GEOS icon indicating copy to clipboard operation
GEOS copied to clipboard

Tpetra LAI

Open klevzoff opened this issue 4 years ago • 5 comments

This PR adds support for Tpetra-based LAI. It provides similar functionality to other existing LA interfaces. It is not enabled by default, meaning the Epetra-based Trilinos interface is still default. The plan is to hopefully get it used and tested and eventually replace the old one.

It uses OpenMP and/or GPU acceleration that is available (via Kokkos) in Trilinos packages:

  • Tpetra (matrices/vectors)
  • Belos (Krylov solvers)
  • Ifpack2 (smoothers)
  • MueLu (multigrid)

There is still a host-based matrix copy involved - the issue of copy avoiding is a lot more complex and is not addressed here.

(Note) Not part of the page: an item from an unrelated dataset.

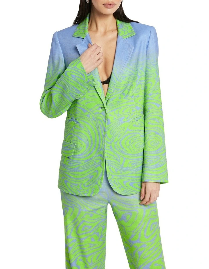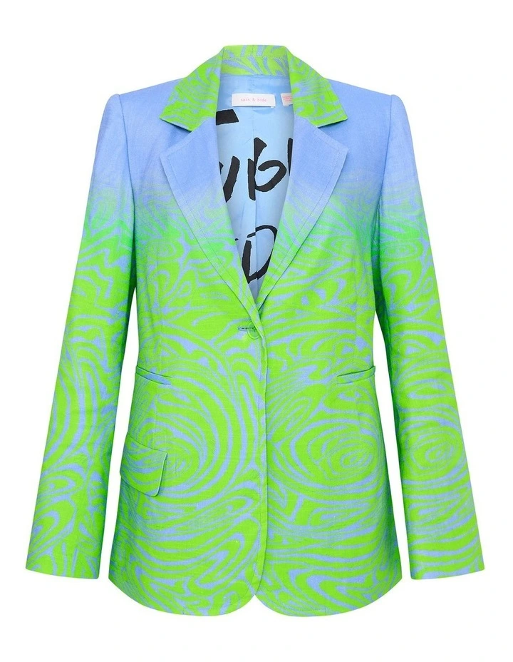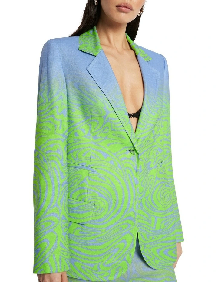 Creating an ombr effect in swirling shades of neon green and blue, this blazer keeps things lightweight and flowing, as it descends through a relaxed, straight fit in a soft linen blend. Fully lined, the blazer fastens in a neat single-breasted style, to show off additional detail in faux welt pockets at the waist, a single flap pocket at the hip, and a centre-back vent for movement.
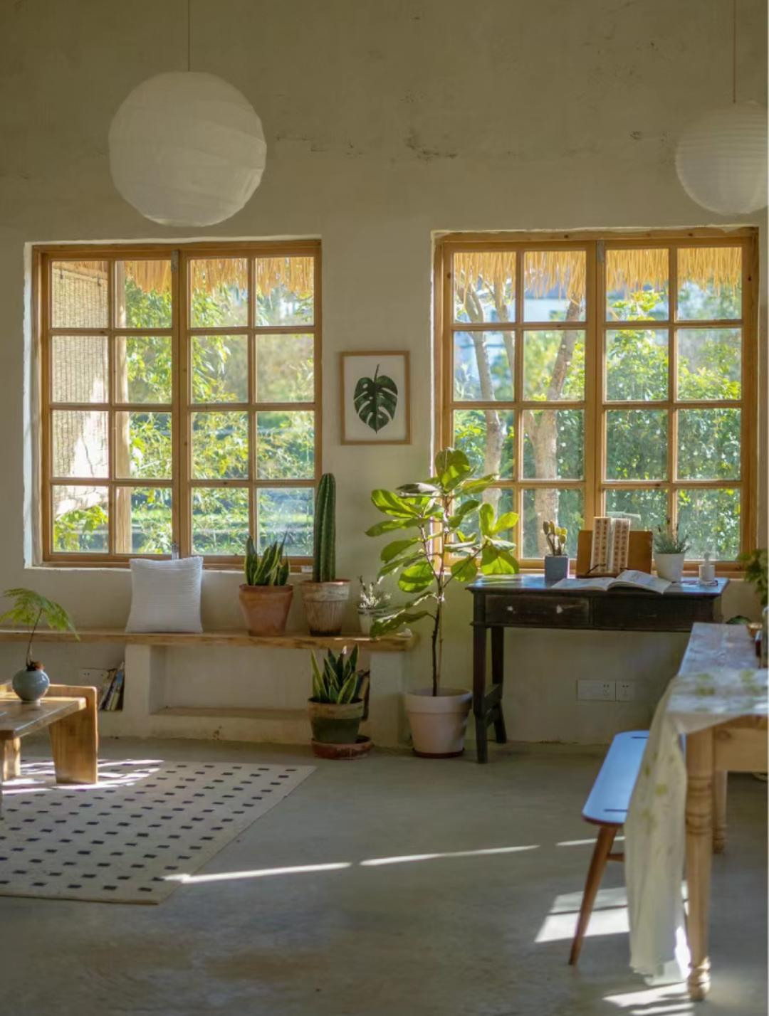 Nhà cũ đến mức “nhìn xuyên vách”, nhưng có sân rộng và một cây bạch quả hơn 150 năm tuổi. Cặp đôi giữ nguyên lối kiến trúc mộc mạc: trát xi măng, giữ mái gỗ cũ, nhặt đồ cổ về trang trí. Tất cả được hoàn thiện chỉ trong 1 tháng.

For vectors, the copy from LvArray::ArrayView occurs on device, however there is another host copy that gets allocated to support Tpetra's dual-view semantics. These cannot currently be eliminated due to a fundamental issue - Tpetra requires all its device allocations to be in Unified Memory (most solvers, in particular Krylov and preconditioners, seem to work fine when given non-UM vector views, but direct solver KLU2 fails). Some issues in their tracker dating back 4 years suggest relaxing that requirement may not be easy for them any time soon.

More specifically:

  • new classes TpetraVector, TpetraMatrix, TrilinosTpetraPreconditioner, TrilinosTpetraSolver and TrilinosTpetraInterface, with identical capabilities to exising Trilinos/Hypre/Petsc classes
  • added a "direct" option for preconditionerType input - it was mainly useful to troubleshoot BlockPreconditioner (eliminating the possibility of sub-block solvers underperforming) and I decided to leave it in
  • improved/refactored unit test for vector classes, with a proper test for each of the main API calls

The new interface:

  • [x] passes all unit tests, without and with CUDA (though we don't run the latter on Travis)
  • [x] passes almost all integrated tests without CUDA, with a few exceptions listed below
  • [x] passes almost all single-rank integrated tests with CUDA (unfortunately, I can't run multi-rank tests with CUDA reliably)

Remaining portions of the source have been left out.